Lerner College includes a medical humanities curriculum, while the university program includes sessions on such topics as how to present distressing news to patients. Leaders of both tracks want to do more to strengthen students' understanding of the impact of culture and psychology on patients, and how to apply that knowledge to yield better outcomes.

Global Engagement

Established a quarter-century ago, Case Western Reserve's Center for Global Health and Diseases is renowned for its research and training programs focused on improving well-being worldwide. Researchers have made significant breakthroughs in identifying effective ways to reduce the spread of debilitating disease in developing nations and provided support to medical professionals within those nations. The school also has thriving partnerships with Asian organizations to study and help enhance care there; one example is a 10-year agreement with Shanghai Zhabei District Health Bureau to track the health of 48,000 Chinese residents to determine the impact of behaviors, genetics and environment on outcomes.

Cleveland Clinic, meanwhile, boasts thriving international relationships, and is building a five-story, 360-bed hospital in Abu Dhabi, United Arab Emirates. In addition, the hospital has offices in Saudi Arabia, the Caribbean, Latin America and Canada to provide assistance to patients considering the Clinic for care. These networks provide extraordinary opportunities for students to participate in rotations or other programs abroad. Ultimately, Davis and Young hope to bring international faculty members to Cleveland to learn more about the best ways to teach students in an increasingly interconnected world.

Value

In past eras, physicians received compensation for what they did— examinations, operations and so forth. In the new environment, rewards follow results. Compensation will depend on outcomes, rather than efforts.
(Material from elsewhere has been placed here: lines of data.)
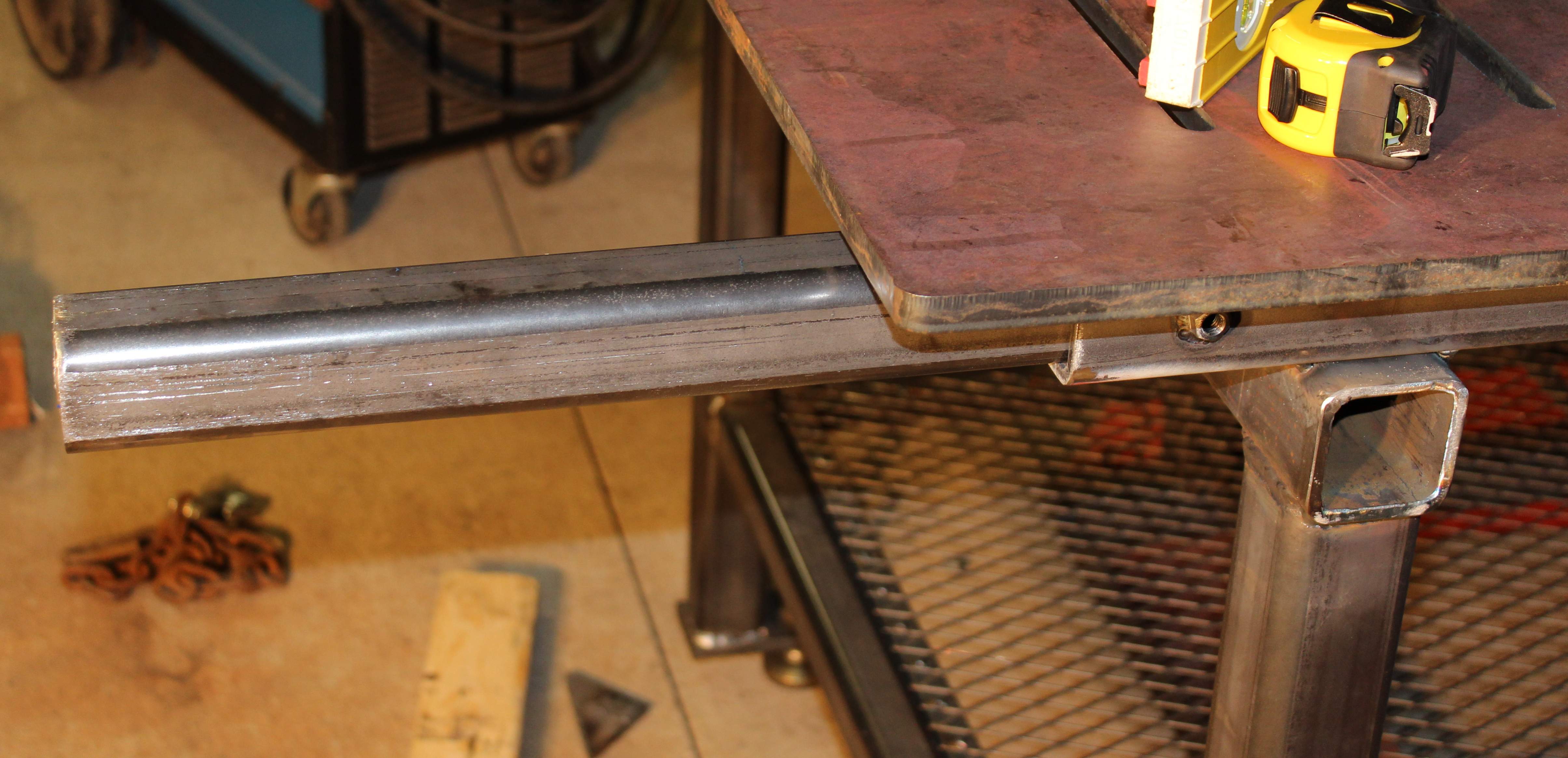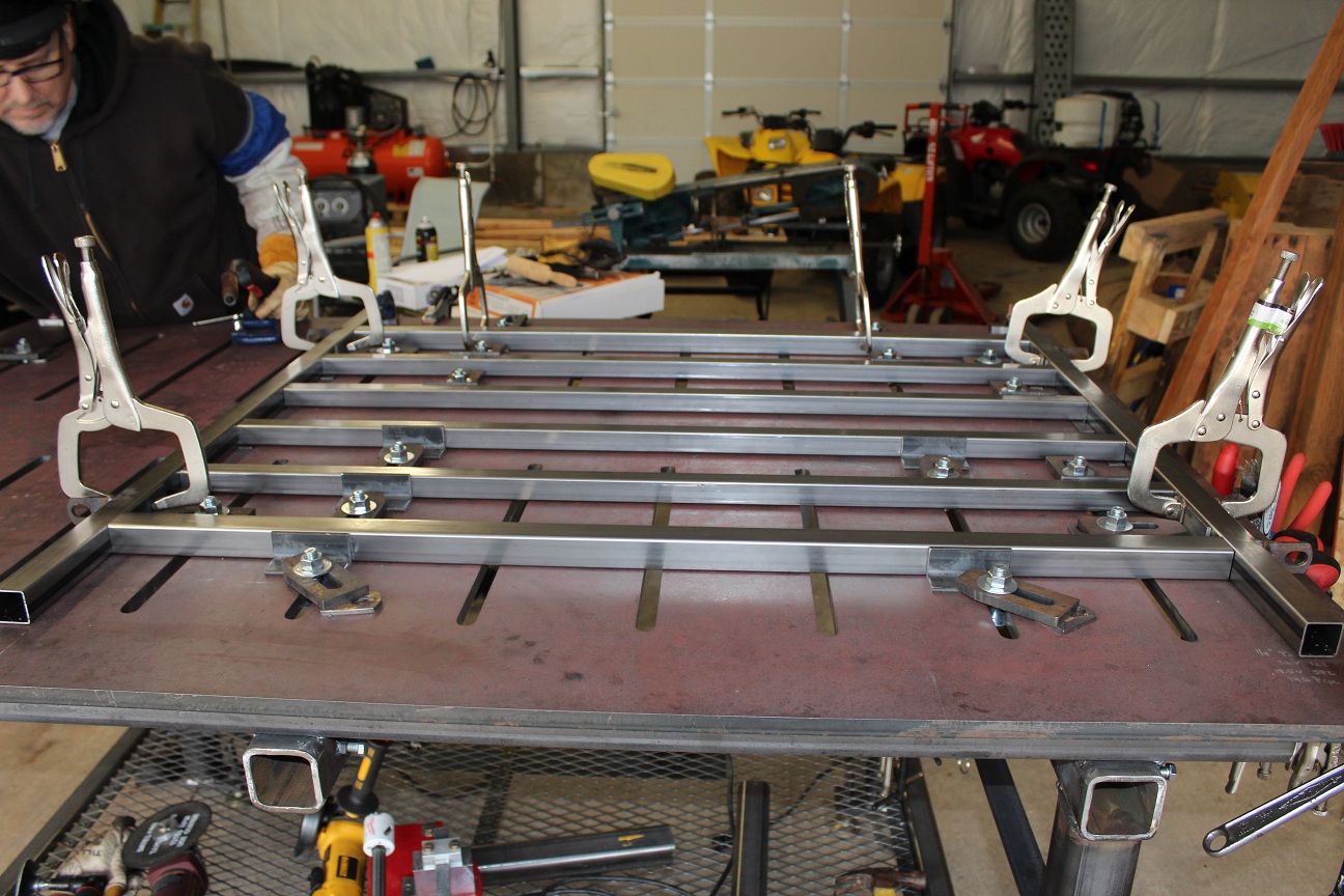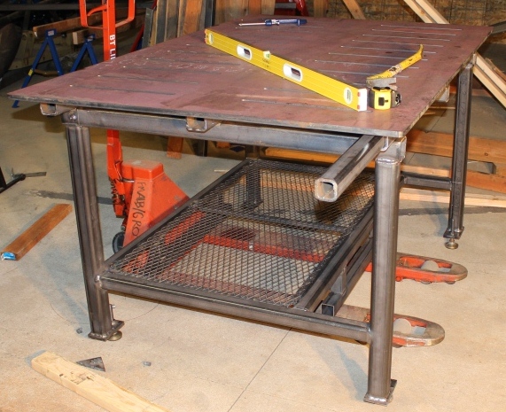 I finished building a welding table a while back and thought I might post some pics and see what you guys think. This was my first welding project of any size. I built it upside down and started with a 4'x6'x5/8" plate into which I had 5/8" inch slots cut by my metal supplier. I started by putting the plate upside down on 4x4s. Then I shimmed it up to get it as flat and level as possible. The frame, for the most part, is made from 2"x1/4" receiver tubing, the spreaders are 2"x1/4" stinger tubing. I elected not to put casters on it because my previous experience has been that tables with casters are never completely stable. Instead I put some extensions under the shelf so I could move it around with my pallet jack or the forks on my tractor if needed. I TIG'd 3/8" nuts onto the receiver tubing near the ends so that I could clamp my vise and other tools mounted on stinger tubes into the various positions around the table. I have 12 places where I can connect my vise.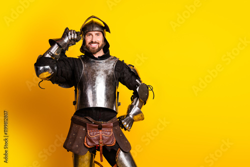 Handsome young man dressed in medieval knight armor posing against a vibrant yellow background showing confidence and humor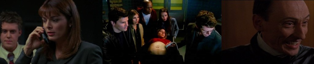 Darla’s contractions are still far apart, but the pain is the kind she doesn’t like and she wants the baby out. The gang discusses doctor options and agree that need access to medical equipment that will allow them to see what is actually inside of the vampire. Lilah and Gavin talk with a Linwood, whom Lilah has called to notify about Darla’s development. They discuss how no one at Wolfram and Hart saw it coming and that the Senior Partners need to be kept in the dark. Meanwhile, a spying Cyril makes a call to a Master Tarfall and informs him that the predictions were correct and the word must be spread to the others.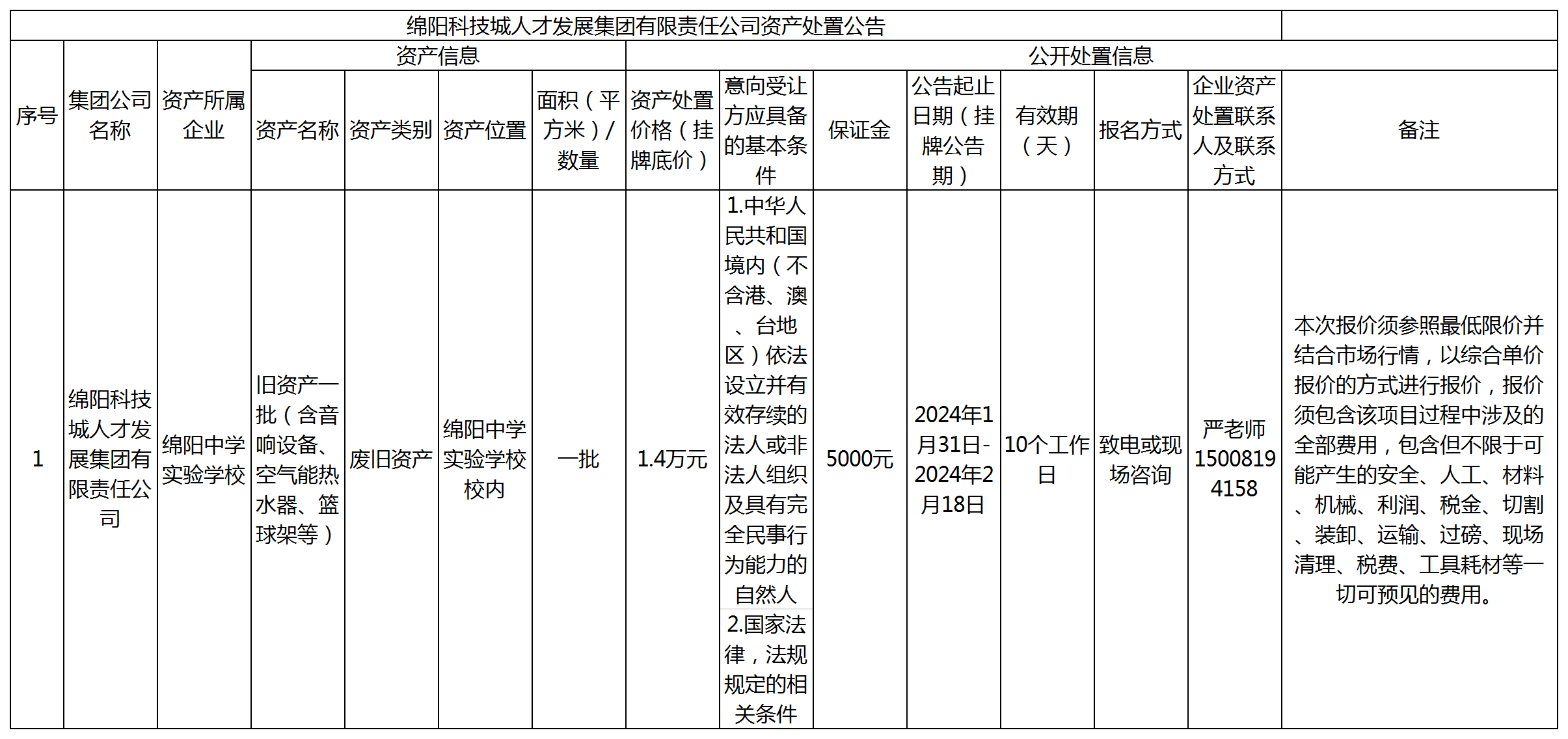綿陽科技城人才發(fā)展集團有限責任公司資產(chǎn)處置公告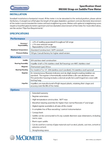 of the meter is recommended for meters without straightening vanes. Meters with optional straightening vanes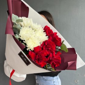 Дуо букет сочетает в себе красные розы и белые хризантему, создавая гармоничное и стильное произведение искусства. Ажурные розы символизируют страсть и любовь, их бархатистые лепестки привлекают внимание и наполняют атмосферу романтикой. Одноголовая хризантема добавляет свежести и легкости. Эвкалипт завершает композицию, внося нотку элегантности с его нежными зелеными листьями, подчеркивая красоту цветов.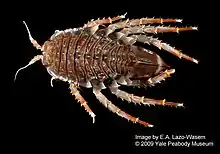 Glyptonotus antarcticus has a typical maximum length of 9 cm (3.5 in),[2] but may rarely reach up to 20 cm (8 in).[3][4] This is large for an isopod, most of which are between 0.5 and 1.5 cm (0.2–0.6 in) in length.[5] It has two pairs of compound eyes, a large pair on the dorsal surface and a smaller pair on the ventral surface. Glyptonotus antarticus has only five ommatidia, which is unusual for crustaceans and insects.[6] It is thought that the latter are useful when the animal is swimming, which it does in an upside-down position.[7] With the exception of the eyes, certain mouthparts and feet, the whole surface of the animal has minute cuticular outgrowths of feathery hairs and knobbly scales. It is thought that these may help to prevent attachment of Foraminifera and marine larval organisms on the body surface.[8]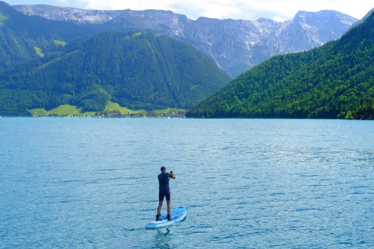 Beginne deinen Tag mit einem unvergesslichen Erlebnis auf dem Achensee. Noch bevor der See erwacht, gleitest du auf dem SUP-Board über spiegelglattes Wasser – begleitet vom Licht der aufgehenden Sonne.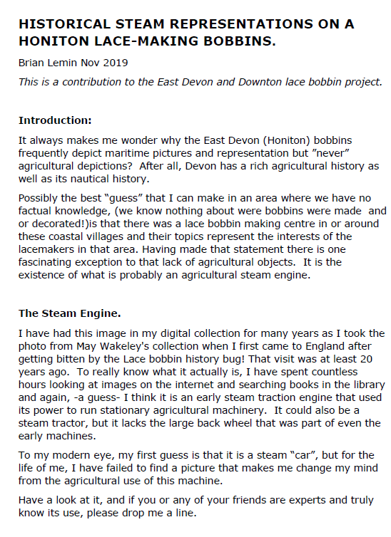 Lemin, Brian. Historical Steam Representations on a Honiton Lace-making Bobbins, 6 pages. Posted November 5, 2019. FIRST PAGE. File size 592 KB PDF
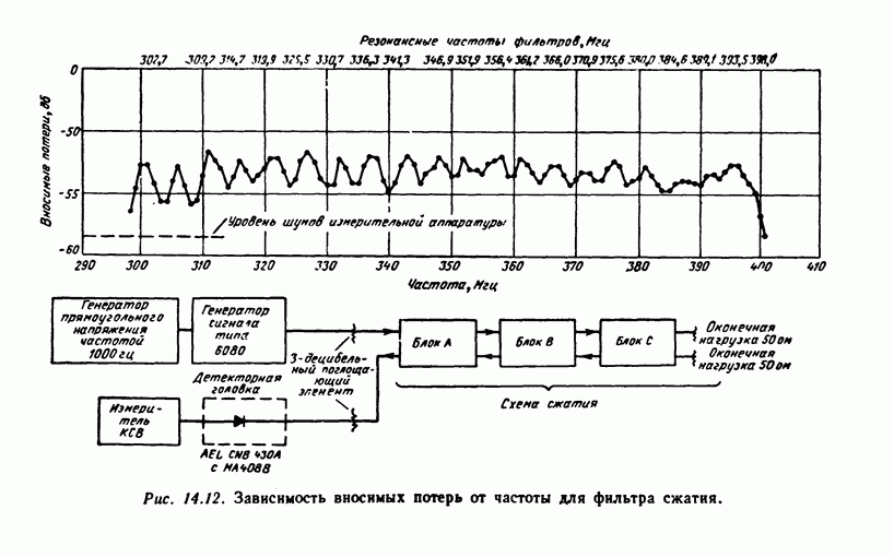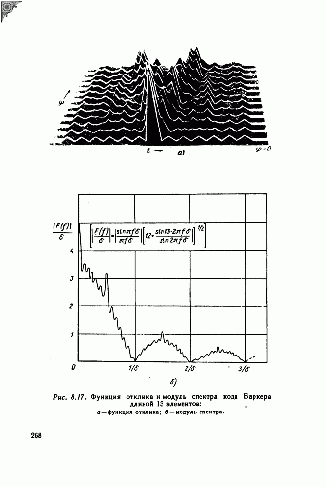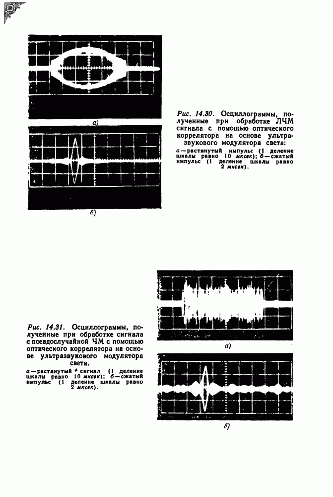 Рис. 14.29. Схема устройства для обработки сигналов с помощью ультразвукового модулятора света. Опорная решетчатая функция может быть расположена внутри или рядом с задерживающей средой; в рассматриваемых случаях такой средой служила вода. В оптическом фильтре, рассмотренном Слободиным, использовались ЛЧМ сигналы и сигналы с псевдослучайной ЧМ при значениях произведения длительности на полосу 120, при длительности сигнала 60 мксек и ширине полосы 2 Мгц. Ширина сжатого импульса составляла 0,5 мксек. Опорная решетчатая функция была получена на основе фотографического метода и оптическая система была использована для формирования кодированного сигнала путем подачи импульсов на вход ультразвукового модулятора света. На рис. 14.30, а показан растянутый ЛЧМ импульс, полученный Слободиным, а на рис. 14.30, б — соответствующий ему сжатый импульс. Сужающаяся по сторонам форма растянутого импульса возникает вследствие неидеальности общих полосовых характеристик устройства обработки. На рис. 14.31, а и б показаны растянутый и сжатый импульсы для сигнала с псевдослучайной ЧМ. Сжатый импульс на выходе фотоэлемента содержит ультразвуковую несущую, так что для дальнейшего превращения его в видеосигнал необходимо детектирование. В работе Арма и др. [36] обсуждается

The transition to value-based medicine goes beyond a departure from from fee- for-service. Corporations increasingly bundle care to manage costs. The Cleveland Clinic has forged partnerships with Walmart, Lowe's and Boeing where employees receive specific cardiac care there at no additional cost to the patient.

Research shows that less than half of medical students feel they have received adequate education on issues such as health economics and policy. Meanwhile, studies say that as much as 30 percent of health care expenses can be attributed to care that did not contribute to a positive result. National organizations are developing lessons to enhance clinical decision-making, patient communication and evidence-based prescribing. Case Western Reserve's renowned health policy programs and public health offerings can provide resources to help medical students prepare for this new reality.

"This is an opportunity where we can really look to forward thinking," Lerner College's Young says. "A unique partnership has been formed here. I think we really have an opportunity to make a mark on this world with what we do as partners here."